- DATASET SECTION
::::::::

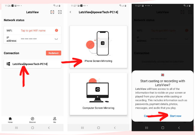 - Open the app on your Xiaomi phone and PC. Tap the name of your PC and choose phone screen mirroring then hit Start Now to begin.
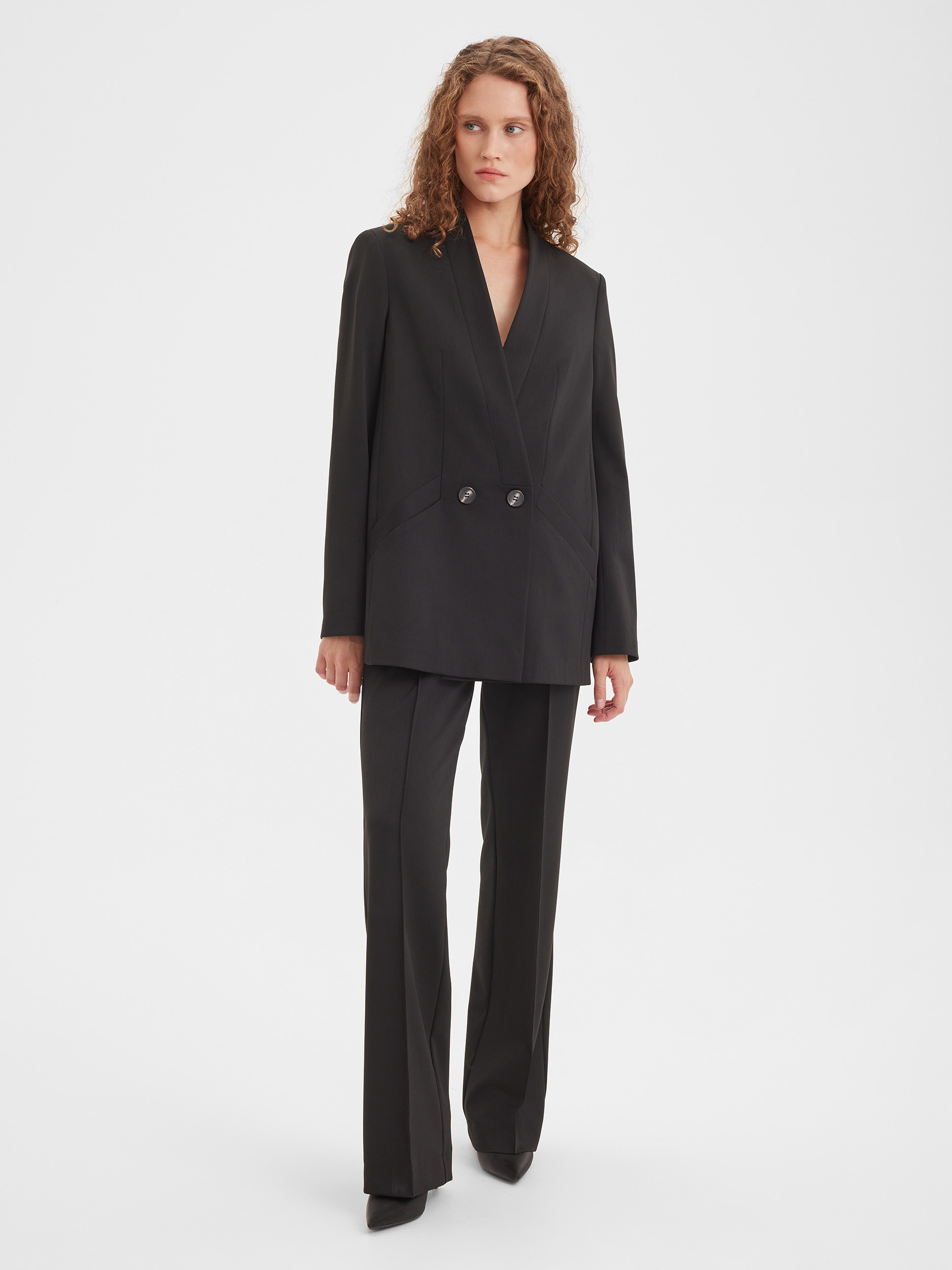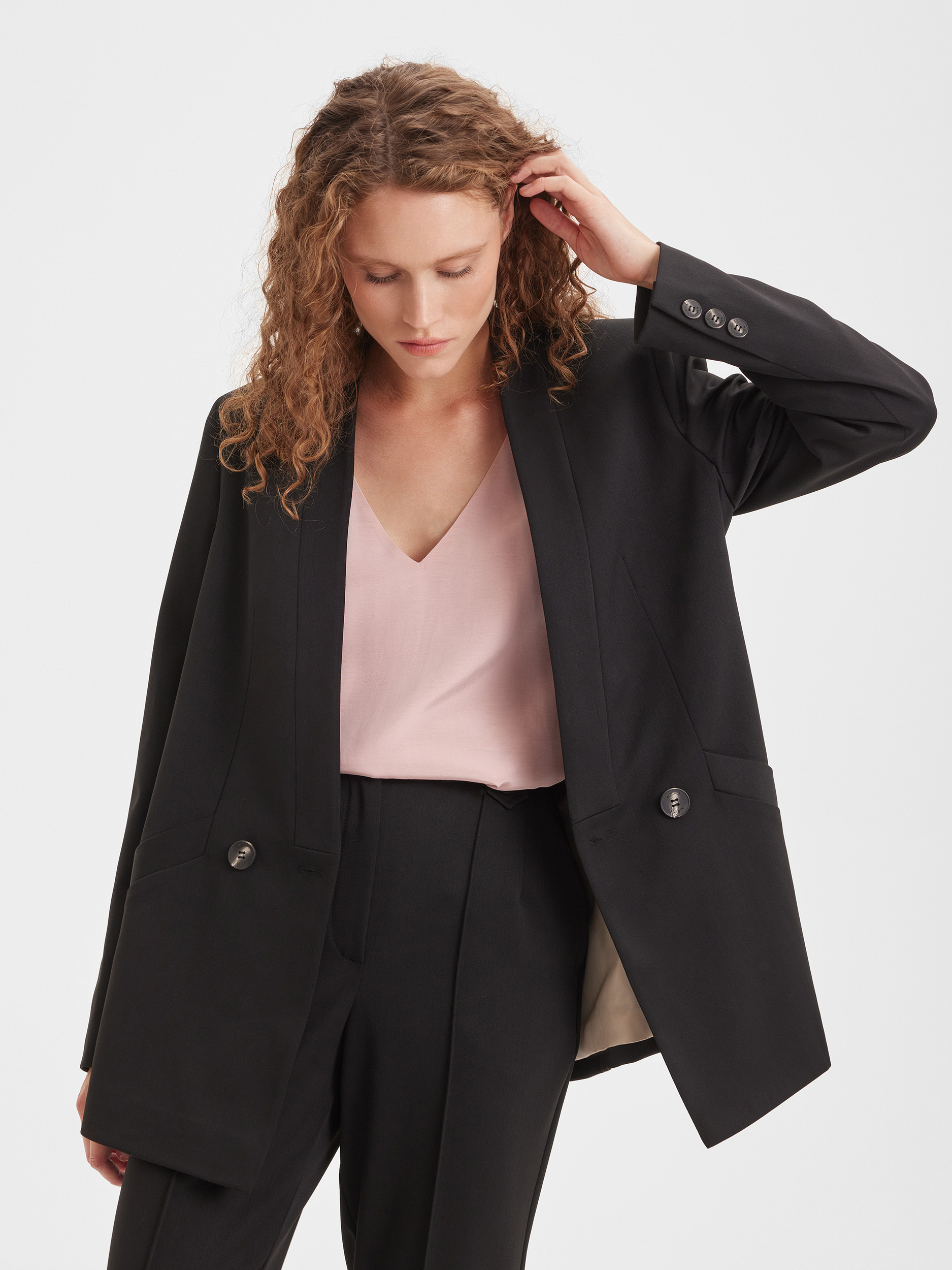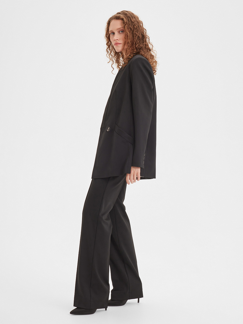 Чёрный цвет жакета не оставит его обладательницу без внимания, а акцентные пуговицы на рукавах по диагональному срезу заметят те, кто ценит детали. Жакет прекрасно сочетается как с юбкой, так и с джинсами
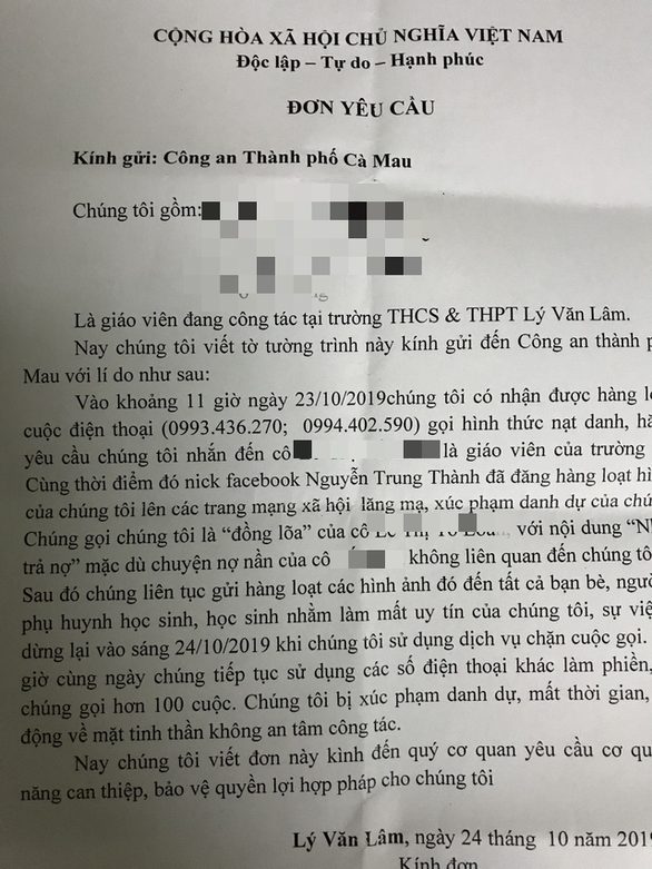 Ngày 25/10, 4 giáo viên vô cớ bị “khủng bố” vì đồng nghiệp nợ tiền đồng ký tên yêu cầu Công an TP.Cà Mau can thiệp, bảo vệ quyền lợi hợp pháp và tư cách người giáo viên.
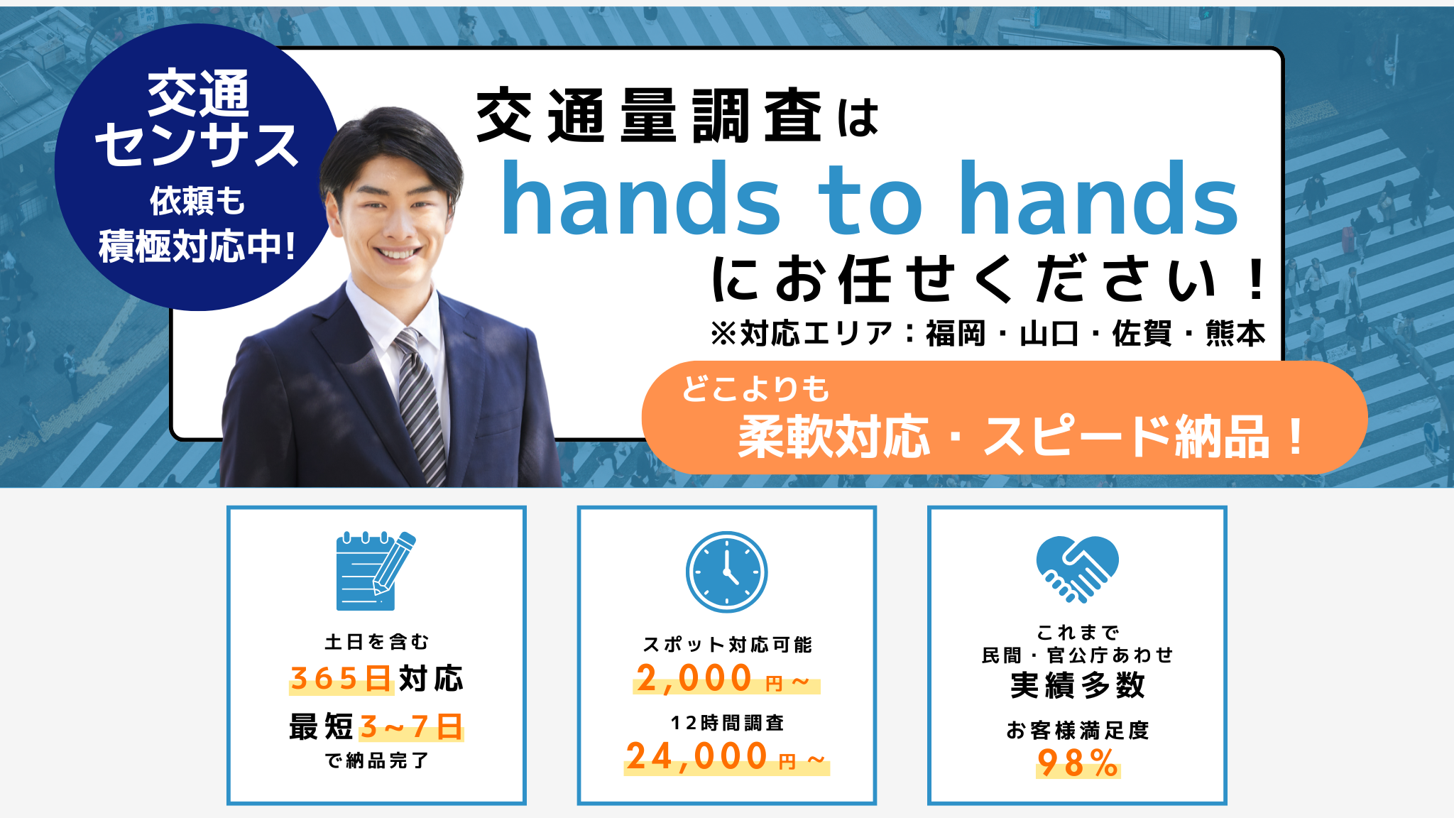 A. 調査の場所、時間帯、計測する対象(車両、歩行者、自転車など)を確認させて頂き、御見積書を作成させて頂きます。

::::::::

- YOUR GOAL
Drop the images and copy all the data exactly.

- OUTPUT OF THE EXERCISE
 - Open the app on your Xiaomi phone and PC. Tap the name of your PC and choose phone screen mirroring then hit Start Now to begin.
 Чёрный цвет жакета не оставит его обладательницу без внимания, а акцентные пуговицы на рукавах по диагональному срезу заметят те, кто ценит детали. Жакет прекрасно сочетается как с юбкой, так и с джинсами
 Ngày 25/10, 4 giáo viên vô cớ bị “khủng bố” vì đồng nghiệp nợ tiền đồng ký tên yêu cầu Công an TP.Cà Mau can thiệp, bảo vệ quyền lợi hợp pháp và tư cách người giáo viên.
 A. 調査の場所、時間帯、計測する対象(車両、歩行者、自転車など)を確認させて頂き、御見積書を作成させて頂きます。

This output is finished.